Keywords

1 Introduction

  1. A.

    Machine Learning

    1. (1)

      What is Machine Learning?

      Machine Learning is a way to analyse data through automation. It is a branch of artificial intelligence based on the concept of having systems learn from data, identify patterns and making the decisions needed completely free from the restrictions of their human counterparts. In addition, machine learning can be used to reduce the time and errors needed and create through human work, increasing the efficiency of work given to the system.

    2. (2)

      How does Machine Learning work?

      A set of algorithms are used to determine the principles which the rule of the program would follow to learn how to classify and cluster the data according to their similarities. This set of algorithms form a computer model which will be used in the classification of data input.
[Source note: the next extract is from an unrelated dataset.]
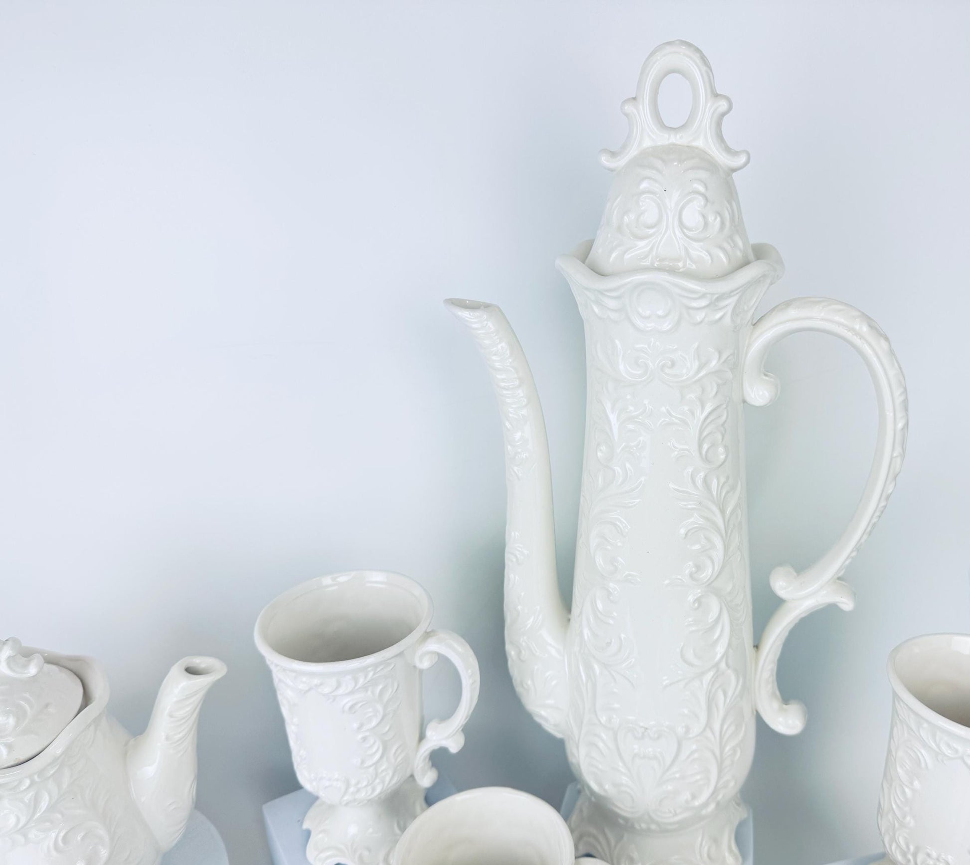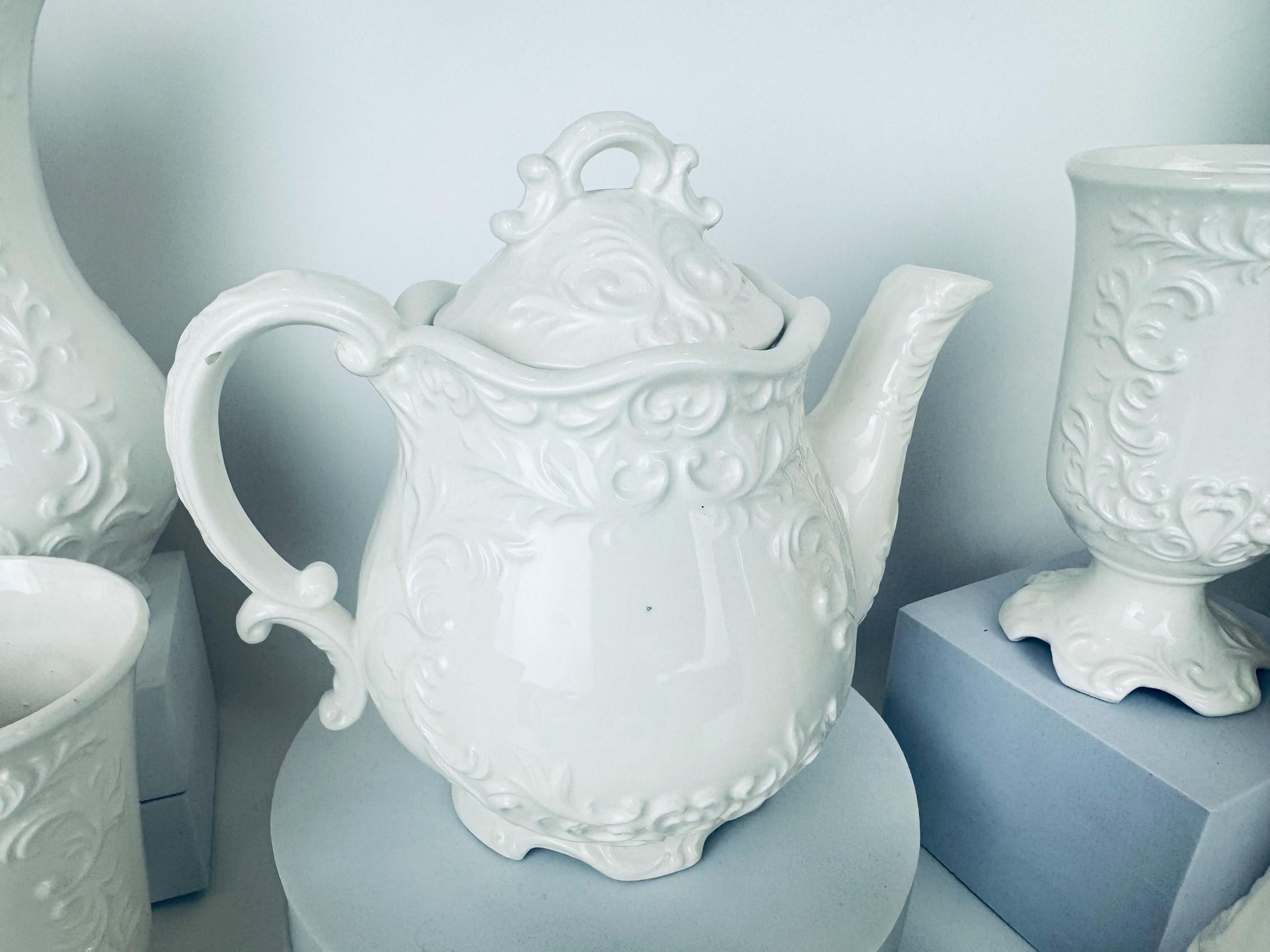 đ« An exquisite example of mid-century ceramic artistry, this French Provincial tea and coffee service set by Napcoware Japan exudes opulence in pure white glaze. Each pieceâranging from the tall, sculptural coffee pot with ornate pierced finial to the generously rounded teapot, sugar bowl, and creamersâis adorned with high-relief rococo scrollwork reminiscent of 18th-century European porcelain. The footed pedestal bases and scroll handles offer an elegant silhouette, while subtle flourishes like curled spouts, pierced pitcher necks, and delicately scalloped edges give each form a refined, romantic air. Even the pedestal mugs feel elevated, with their baroque embossing and weighty, comfortable gripâideal for serving or display.

Data input can range from text and images to sound and numbers.

  2. B.

    Deep Learning

    1. (1)

      What is Deep Learning?

      Deep Learning is a branch of Machine Learning in Artificial Intelligence. Deep Learning has networks which are capable of learning unsupervised from data that is unstructured or unlabeled through learning by example. These networks are more commonly known as neural networks [3]. Deep Learning can be found being used in driverless cars, voice control in devices such as Siri or Google Home and more [5]. In this project, a deep learning model was trained to classify images and the spectrometer data to its different confluencies. Such models are trained through these many hidden layers to be able to classify the numbers, text and images given to them without the need of manual feature extractions. Deep Learning has been shown to be able to give extremely accurate classifications and can sometimes exceed the accuracy of humans [6].

  3. C.

    Neural Networks

    1. (1)

      What are Neural Networks?

      Inspired by the way the human brain functions, neural networks function in a similar manner. A Neural Network is a set of algorithms which are designed to recognise patterns. They interpret sensory data, similar to a human brain through a kind of machine perception by labelling or clustering the raw input. Neural Networks allow for numerical, images, sounds, text or time series to be input as data into the Neural Network, though they would all be translated into numerical data so that the Neural Network may recognise them since they are only able to recognise the patterns if they are in their numerical form. Neural Networks are used as a way to classify and cluster data according to their similarities among the example inputs which they have been trained on, for easy storage and management. In addition, as the performance of neural networks improves, they grow bigger and are able to work with more and more data, unlike other Machine Learning algorithms which will reach a plateau after a certain point.

    2. (2)

      Types of Neural Networks

      There are many types of neural networks. Each different type of neural network uses a different set of principles to determine their rules which they will follow. Due to this difference in principles and rules, each neural network will have their individual strengths and weaknesses. However, for this research, we have narrowed down to using the convolutional neural networks (CNN) and Artificial Neural Networks (ANN) [2].

  4. D.

    CellProfiler

    1. (1)

      What is CellProfiler?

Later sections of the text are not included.